論文では、『こころ』とは、セクシュアリティの理論化を巡って異なる方法が対峙する様を描き出していると主張します。つまり、セクシュアリティをここで規定しようとするのではなく、むしろ捉えようとする言説を概観可能にし、その有効性を失わせようとします。その根拠を、筆者は次の2つに求めます。
・『こころ』の未完性
・青年(私)の語り
『こころ』は「先生の遺書」以降の描写が存在しません。青年が、先生の自殺を知った後、どういう人生を送るかについての決定的な根拠がなく、その想像は読者に委ねられます。

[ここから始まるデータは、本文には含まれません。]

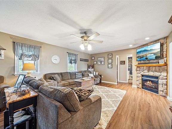 Welcome to your own slice of country paradise in Redstone Township! This beautifully maintained single-family ranch home sits on over 6 acres of serene land, offering stunning views from both the front porch and back deck. This ranch-style 3 bedroom, 2 bath home combines the charm of country living with modern amenities and natural beauty while providing comfort and convenience to you. The spacious living room offers the cozy ambiance of the gas fireplace, perfect for relaxing evenings. A fully equipped kitchen with island is open to the dining area with doors leading to the back deck to enjoy the views and is a perfect spot for entertaining. The finished basement includes a kitchenette for entertaining and flexible living space with an additional 2 rooms and large storage area. Don't forget the 2 car integral garage and FREE gas for heating of the home, adding an extra layer of cost-efficiency to your home. Don’t miss the opportunity to make this tranquil retreat your forever home!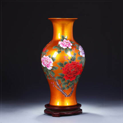 Pot-shaped golden glazed ceramic vase flower arrangement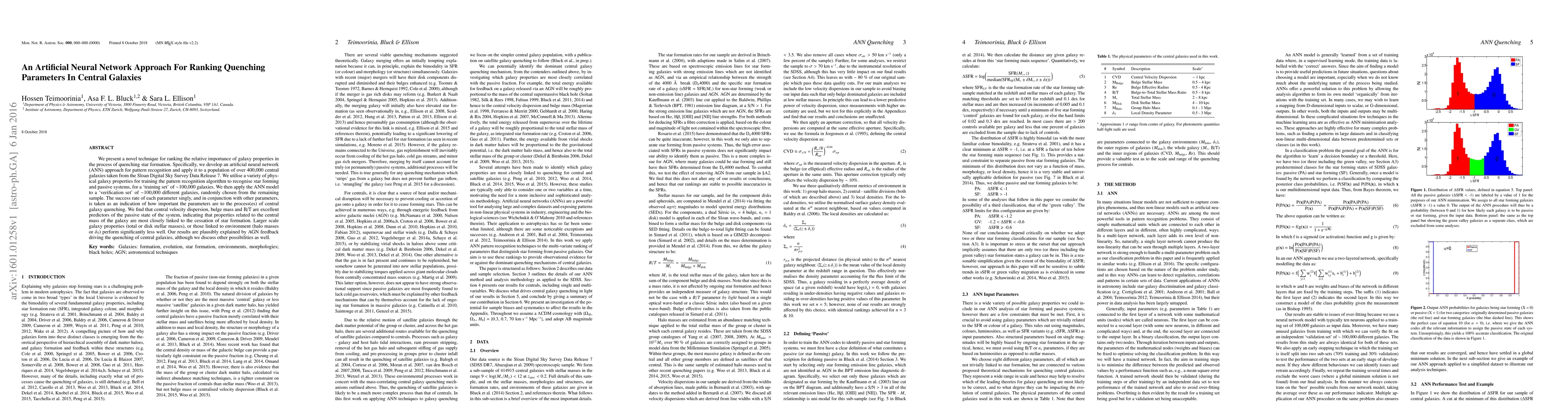 This paper introduces an artificial neural network (ANN) approach to rank the importance of galaxy properties in quenching star formation in central galaxies. The ANN model, trained on over 100,000 galaxies, identifies central velocity dispersion, bulge mass, and B/T ratio as key predictors of galaxy quenching, suggesting AGN feedback as a plausible mechanism.

また、『こころ』は青年(私)によって語られる物語です。語る青年(私)は、先生の自殺を知った後の青年(私)ですね。「同性愛的人生」の果てに自殺してしまった先生を、青年(私)はどう考えたのでしょうか。「先生は同性愛的で潔癖だ」「自分は異性愛者として成熟した」。概ねこのような語りで展開されますが、重要なのは、あくまでそれは青年(私)によって小出しにされた情報に過ぎないということです。
「本当は今の自分も同性愛的な部分があるが、世間的には異性愛者が認められているから、そういう風に演じておくか(汗」
と考え、語っている可能性もあります。つまり、ここでも、青年のセクシュアリティを決定する根拠はないということになります。
『こころ』は、非常に「誤読」に寛容な小説であり、だからこそ面白いのだと思いました。『こころ』がどういう小説であるかよりも、私たちがそれをどう捉えているかの方が重要なのかもしれませんね。